The associations among the IHC markers are presented in S4 Table. Notch2-positive tumors also expressed Notch3 (p<0.001); Notch2- and Notch3-positive tumors were more frequently Gli-negative (p = 0.030 and 0.035, respectively); and, Jag1-positive tumors were more frequently Patched-1-negative (p = 0.038). Using the continuous measurements of the IHC markers, Jag1 was positively correlated with Patched-1 (Spearman’s rho = 0.27) and Shh (rho = 0.25); Notch2 was positively correlated with Patched-1 (rho = 0.28) and Shh (rho = 0.24), while it was negatively correlated with Gli (rho = -0.28). Finally, Notch3 was positively correlated with Patched-1 (rho = 0.36), Shh (rho = 0.24) and Smo (rho = 0.22). However, in all these correlations, the coefficient (rho) was very low to infer any biological significance.

Effect of single study parameters on outcome

In S5 Table, the follow-up time, OS, DFS and relapse/mortality rates during follow-up are presented. During a median follow-up of 72 months, 59 deaths (28.9%) and 45 relapses (22.1%) occurred. Within the first 5 years, 52 (25.5%) deaths and 42 (20.6%) relapses occurred.

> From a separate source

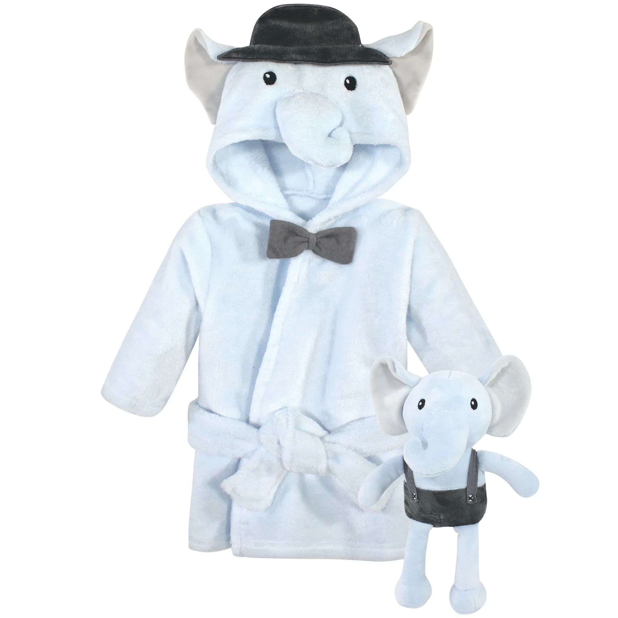 Hudson Baby Infant Boy Plush Bathrobe and Toy Set, Bowtie Elephant, One Size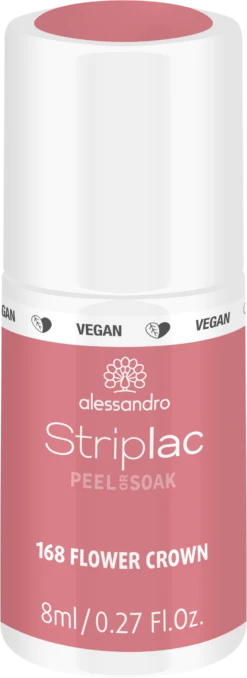 Das kräftige Rosa lässt Ihre Nägel in einer der schönsten Farbe des Frühjahrs erblühen.Das Beste– STRIPLAC ist VEGAN und TIERVERSUCHSFREI!Leichtes Auftragen, keine Trocknungszeit und bis zu 3 Wochen Haltbarkeit? Kein Problem! Einfach eine Schicht Flower Power Striplac auftragen und mit dem Top Coat versiegeln. Dank der Peel or Soak Innovation lässt sich der Lack gleich auf zwei Weisen entfernen: Mit dem Peel-Off Aktivator kann der Lack mit Hilfe eines Hufstäbchens in einer Schicht entfernt werden, mit dem Soak-Off Liquid wird dieser mit Hilfe der Folienpads sanft abgelöst. alessandro Striplac – für wunderschön-funkelnde Nägel in nur 15 Minuten!Produktdetails• Flower Power Striplac in Rosa• Bis zu 3 Wochen Haltbarkeit• Keine Trocknungszeit• Schnelle Peel-Off oder Soak-Off Ablösung• Schützt und festigt den Naturnagel• VEGAN und Tierversuchsfrei• Hinweis: Lack trocknet nicht ohne alessandro LED-LampeSchluss mit lästiger Trocknungszeit: Farblack auftragen, 60 Sekunden unter LED aushärten, mit dem Top Coat versiegeln und weitere 90 Sekunden unter LED trocknen – für ideale Nägel in 15 MinutenStriplac Peel or Soak ist das Must-Have für jede Frau, die Wert auf schöne Nägel legt! Nägel wie aus dem Nagelstudio in etwa 15 Minuten! Striplac ist ein einzigartiger Nagellack, der wesentlich länger hält als herkömmlicher Nagellack – bis zu drei Wochen. Hochglanz bis zum letzten Tag! Striplac kann einfach und streifenfrei aufgetragen werden, deckt bereits nach der ersten Anwendung, ist kratz- und splitterfest. Keine lästige Trockenzeit, denn Striplac härtet in 60 Sekunden im LED-Gerät. Das Ergebnis ist eine perfekte UV/LED-Maniküre wie aus dem Nagelstudio. Das Beste– STRIPLAC ist VEGAN und TIERVERSUCHSFREI!Zum schnellen Ablösen gibt es zwei Möglichkeiten: Schnelle Peel-Off or Soak-Off Lösung. Durch den Peel-Off Aktivator lässt sich der Striplac einfach vom Nagel abziehen oder Sie nutzen die Soak

Results from univariate Cox regression analyses in the entire cohort are presented in S6 Table. Beyond classic unfavorable prognostic factors in endometrial cancer, such as tumor type II, higher grade and more advanced stage, higher Ki67 labeling, expression of the PTEN, p16, Notch2 and Notch3 proteins, as well as MMR proficiency were associated with increased relapse and mortality risk. Additionally, Patched-1 protein expression was associated with worse DFS and p53 overexpression with worse OS.

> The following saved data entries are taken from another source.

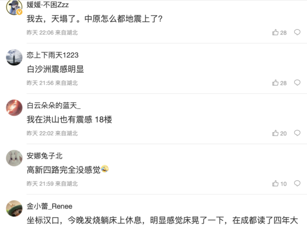 「坐標漢口,今晚發燒躺床上休息,明顯感覺床晃了一下,在成都讀了四年大學的直覺告訴我像地震,過了會兒看新聞就發現果然。」
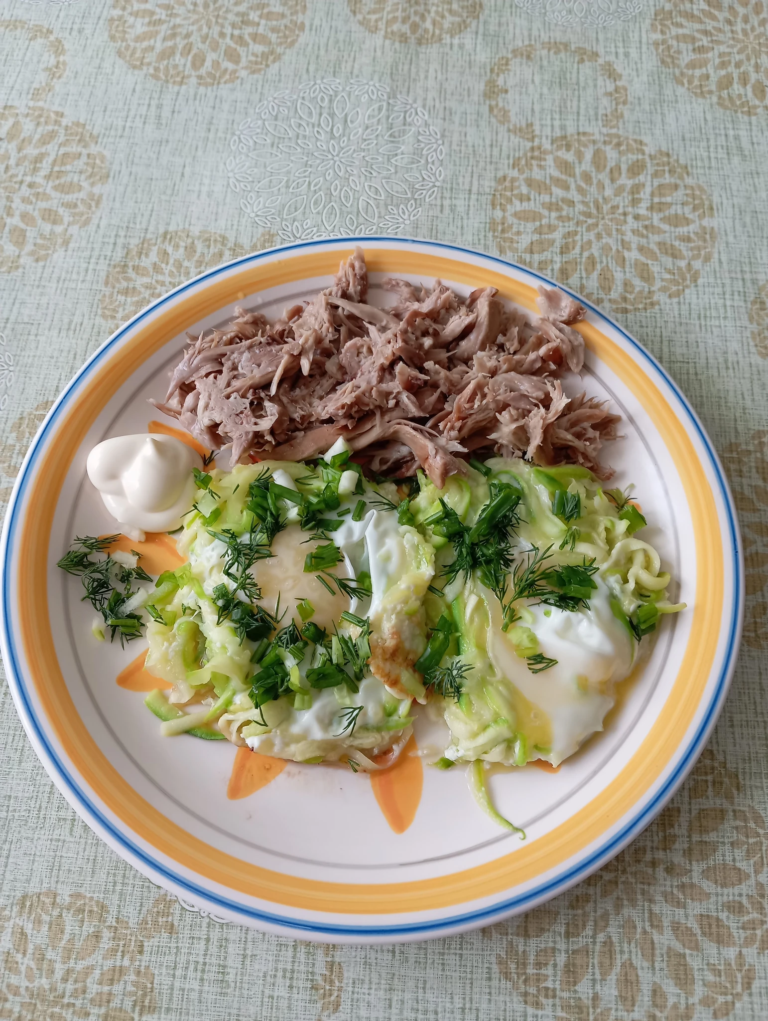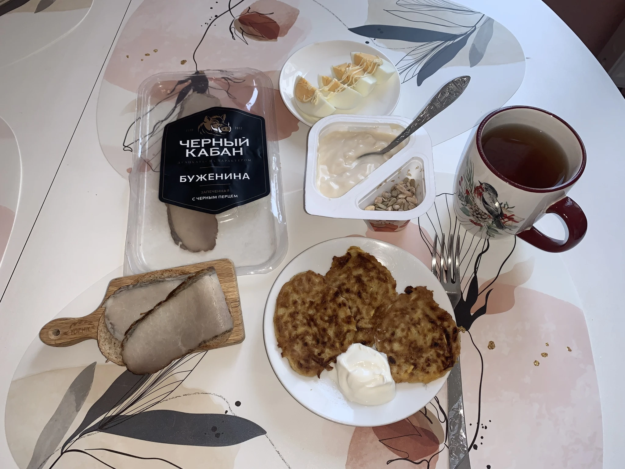 Доброе утро! Сегодня всего по-немногу. Оладьи кабачковые. Понравилась буженина чёрный кабан, второй раз покупаем.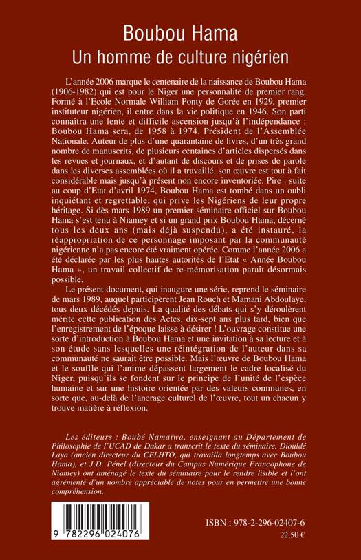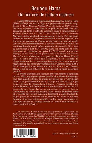 L'année 2006 marque le centenaire de la naissance de Boubou Hama (1906-1982) qui est pour le Niger une personnalité de premier rang. Premier instituteur nigérien, il entre dans le vie politique et sera Président de l'Assemblé nationale de 1958 à 1974. Auteur de nombreux livres et articles, Boubou Hama est tombé dans l'oubli suite au coup d'Etat de 1974, privant les Nigériens de leur propre héritage. Cet ouvrage reprend les débats d'un séminaire sur Boubou Hama, participant à sa réhabilitation et à sa découverte.

Results from multivariate analyses including the aforementioned clinicopathological parameters and each of the IHC markers are presented in S7 Table. Grade has retained independent prognostic significance for both DFS and OS, whereas stage only for OS. This is not surprising, as grade of tumor differentiation is a well-established marker of prognosis and has been associated with depth of myometrial invasion and lymph node involvement [29]. The HRs associated with MMR proficiency, Jag1, Notch2 and Patched-1 positivity adjusted for the rest of the clinicopathological variables were of similar magnitude as the unadjusted HRs, both for DFS and OS. Patients with MMR proficient tumors had more than twice the risk for relapse/death than patients with MMR deficient tumors (DFS: HR = 2.26, 95% CI 0.99–5.18, p = 0.054 and OS: HR = 2.19, 95% CI 1.05–4.58, p = 0.036). Jag1 positivity, as a single marker, demonstrated a trend for reduced risk for relapse (adjusted HR = 0.50, 95% CI 0.23–1.09, p = 0.081) and was independently associated with reduced risk for death (HR = 0.48, 95% CI 0.23–0.97, p = 0.042). In comparison to Jag1, Notch2 exhibited a trend in the opposite direction with respect to relapse (HR = 1.93, 95% CI 0.90–4.13; p = 0.093).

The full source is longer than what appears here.